SOUTH WILLIAMSPORT, Pa. – Twice, Jackson Surma walked to the plate with runners in scoring position in the biggest game of his young life. Both times he delivered.
Surma drove in four runs, and Ethan Van Belle struck out eight as Michigan beat Ohio 5-2 on Sunday in the championship game of the Little League World Series.
“The first one, I knew I had runners on second and third,” Surma said. “There weren't two outs, so I needed just something in play. He threw me a curve-ball, I sat on it and drove it to left. The second one, he threw me a high fastball and I went up there and got it.”
The team from Taylor North Little League delivered the first LLWS title for the state of Michigan since 1959 when Hamtramck National Little League won it all.
“We're just excited we're mentioned with them,” manager Rick Thorning said. “To be in that group and say that a team from Michigan won the LLWS, it still doesn't sound right when you say it.”
Michigan and Ohio are from the Great Lakes, marking the only time clubs from the same region played in the championship. That was because international teams didn't compete in the LLWS for the first time since 1975, due to travel restrictions caused by the COVID-19 pandemic. Little League allowed two squads from each U.S. region to fill out the 16-team field.
Michigan jumped out to a three-run lead in the first after Surma's two-run single and an RBI groundout by Jakob Furkas. Surma's next clutch hit, a single to center, came in the fifth.
Ohio had plenty of chances. It loaded the bases in the first on a pair of walks and a single by JJ Vogel, but Van Belle struck out Levi Smith with two out to end the threat.

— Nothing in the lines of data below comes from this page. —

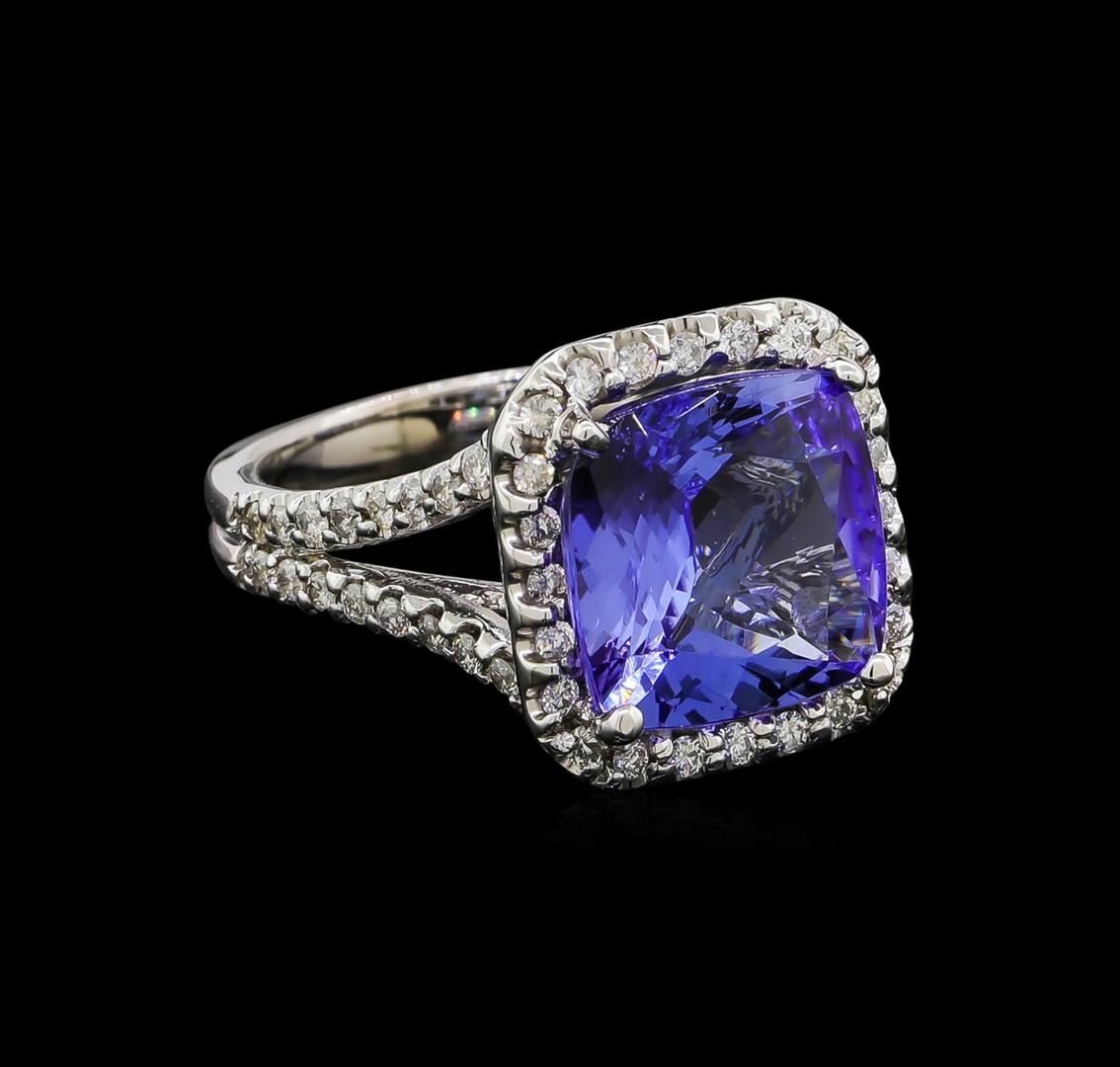 One electronically tested 14KT white gold lady's cast fashion ring with a split shank halo with a bright polish finish. The featured lady's ring has a double shank measuring 2.74 millimeters wide. Identified with markings of '14K'. Condition is new, good workmanship. Containing: One prong set square cushion modified brilliant cut natural tanzanite, measuring 10.68 x 10.64 x 5.48mm, (depth est.) 3%. bulge factor, approximate weight of 5.06ct., clarity is eye clean, medium, moderately strong, violet color, (GIA V 5/4), cut is good. Transmitting light with no distortion, transparent. Colored gemstones are presumed to have been subjected to commonly used enhancement processes. Graded in the setting. Fifty-Six prong set round brilliant cut diamonds, measuring 1.40 - 1.35 x 0.86mm (depth est.) approximate total weight of 56 Stones = 0.55ct. Graded in the setting. Clarity SI-1 to I-1. Color: G - I Cut Good. Total Weight of Colored Stones 5.06ct.. Total Weight of Diamonds 0.55ct.. Total Weight of Ring 7.00gm GAS Appraised at $9,410.00.
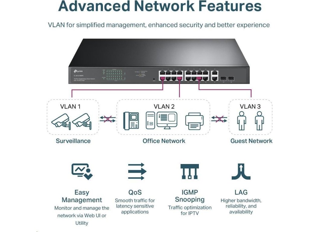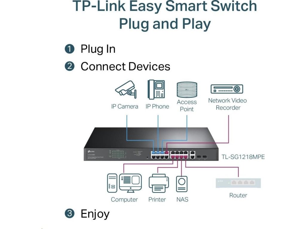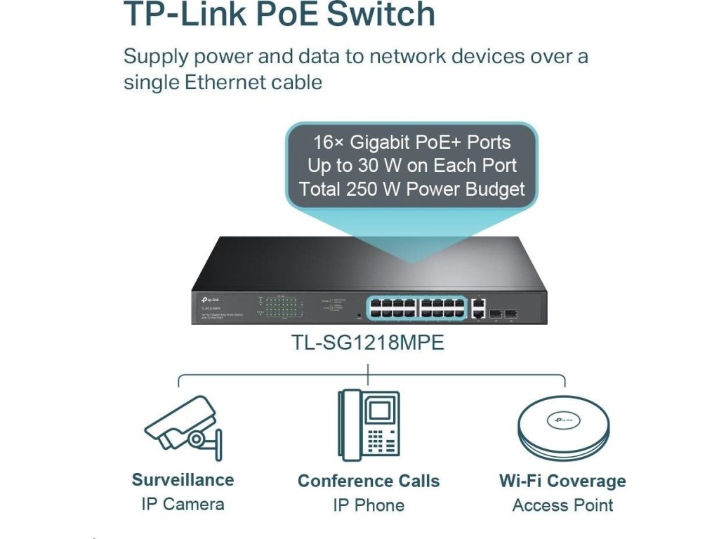 TP-Link CCTV Easy Smart switch TL-SG1218MPE (16xGbE, 2xGbE/2xSFP combo, 16xPoE+, 250W)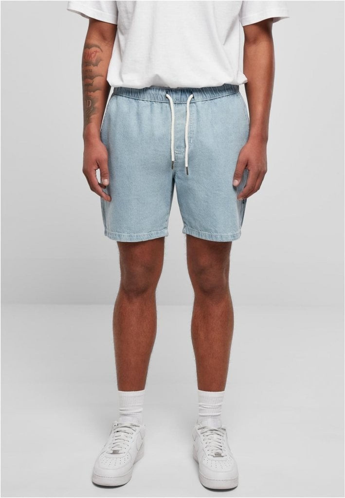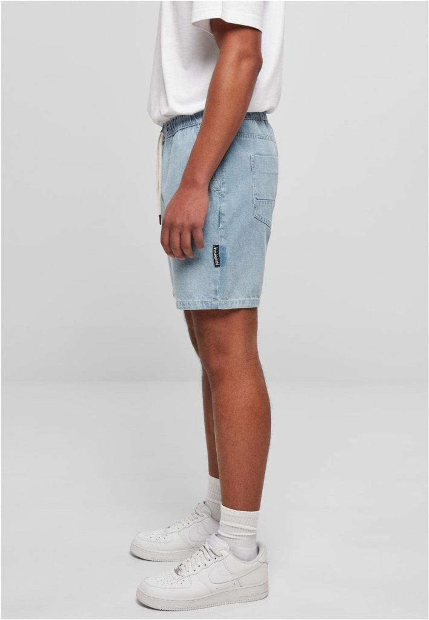 Jeansshorts med mudd i midjan - ljusblå

The team from West Side Little League in Hamilton, Ohio, loaded the bases again in the third with nobody out. The next two batters struck out looking before Chance Retherford was picked off at third base as he headed toward the dugout after strike two.
Ohio got its first run in the second. Chase Moak led off with a triple, and Cooper Clay singled him home to bring the score to 3-1.
Gavin Ulin relieved Van Belle in the fifth and got into a jam himself with runners on first and second with one out. He induced a double-play grounder to emerge unscathed.